Tomás Onésimo Canavery was baptized on September 2, 1839, in the parish of San Miguel Arcángel, son of Tomás José Canaverys and Macedonia Castillo, a Creole woman related to Juan Bautista Rondeau. His father Tomás, was baptized with that name for being born on December 29 (St Thomas's Day). He was a direct descendant of Juan Canaverys (1748-1822), an employee of the Court of Auditors of Buenos Aires during the Viceroyalty of the Río de la Plata, and one of the neighbors that attended the open cabildo of 22 of May 1810.
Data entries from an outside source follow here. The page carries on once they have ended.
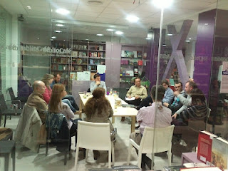 El periodista con posibilidades de dedicarse a este oficio y vivir de él es multimedia, comercial y gestor. Esta frase puede resumir, en cierto modo, la charla de Pere Valenciano en Bibliocafé organizada el pasado viernes 20 de abril por la Asociación Profesional de Periodistas Valencianos (APPV). La pronunció el propio Pere al presentar su proyecto de franquicia de elperiodicodeaqui, tanto .com como en versión papel. Se trata de abrirlo a muchos pequeños franquiciados que lo gestionen para que, entre todos, hagan grande el proyecto. Unión de esfuerzos, como insistió.
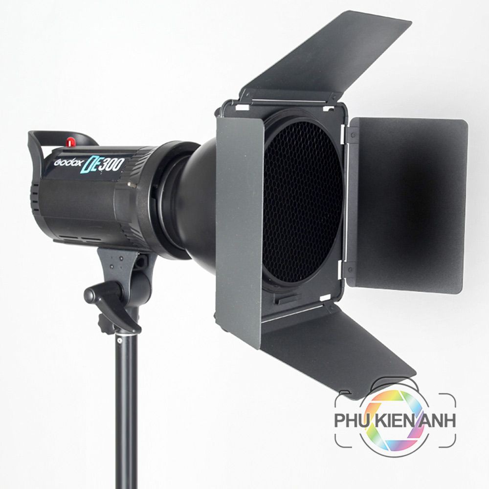 Barndoor 4 filter màu, lưới tổ ong, ngàm bowen. Dễ sử dụng và có lưới tổ ong kim loại giúp hướng ánh sáng tốt hơn, tập trung hơn.Sử dụng ngàm đèn studio Bowen phổ thông cho các đèn studio hiện nay.
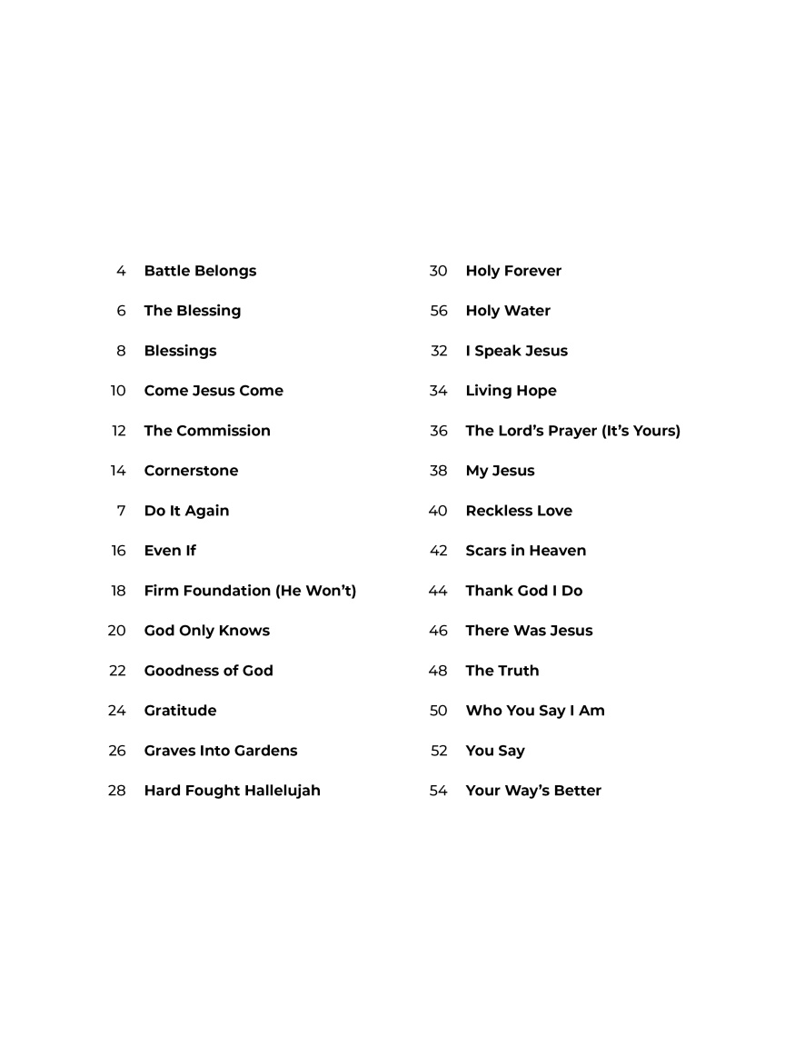 This collection features 28 simple arrangements for piano of top Christian hits by artists including Lauren Daigle, Elevation Worship, Forrest Frank, and more! Super Easy arrangements feature no page turns, simple right-hand melody, letter names inside each note, and basic left-hand chord diagrams. Songs include: Battle Belongs • The Blessing • Blessings • Come Jesus Come • The Commission • Cornerstone • Do It Again • Even If • Firm Foundation (He Won't) • God Only Knows • Goodness of God • Gratitude • Graves into Gardens • Hard Fought Hallelujah • Holy Forever • Holy Water • I Speak Jesus • Living Hope • The Lord's Prayer (It's Yours) • My Jesus • Reckless Love • Scars in Heaven • Thank God I Do • There Was Jesus • The Truth • Who You Say I Am • You Say • Your Way's Better.
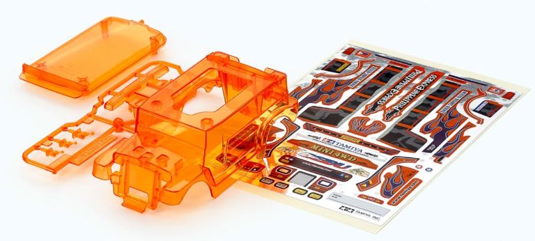 Carrozzeria in edizione limitata, basato sul kit Dyipne (FM-A) Mini 4WD. (Articolo 18717) Il set è composto da un carrozzeria in plastica ABS trasparente arancione e adesivi dedicati (una variazione di colore degli adesivi inclusi nell’articolo 92419 Dyipne Silver Metallic).
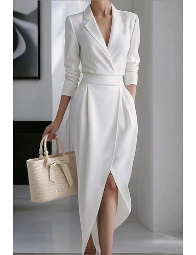 Halloween Mulheres Vestido midi Vestido Envelope Vestido Bodycon Elegante Férias Casual Fino Tecido Manga Longa Decote V Branco Rosa Azul Primavera Outono Inverno
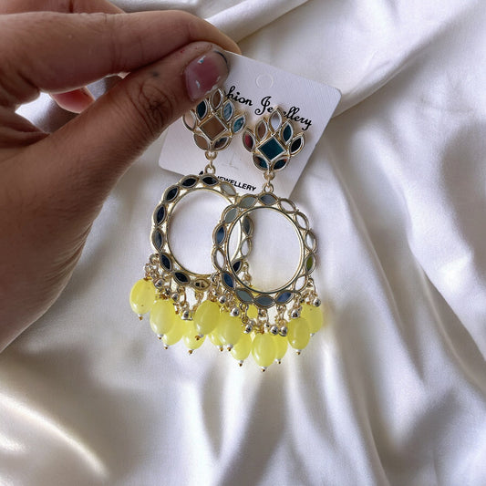 JB55 - Gold Glass Beads Light Gold Mirror Earring - Best Quality

He had several brothers, including Ángel Canavery (1850-1916), a military man who participated in the Conquest of the Desert. His sister María Juana Canavery, was married to Enrico Mosconi, an engineer born in Milán, who had been hired by the government for the construction of Central Argentine Railway. Enrico and María Juana were the parents of Enrique Mosconi, a prestigious military and engineer, first President of the Yacimientos Petrolíferos Fiscales, the main oil company of Argentina. Another brother of his was Justino Canavery, who was registered in the census of 1855 along with several members of the Rondeau family.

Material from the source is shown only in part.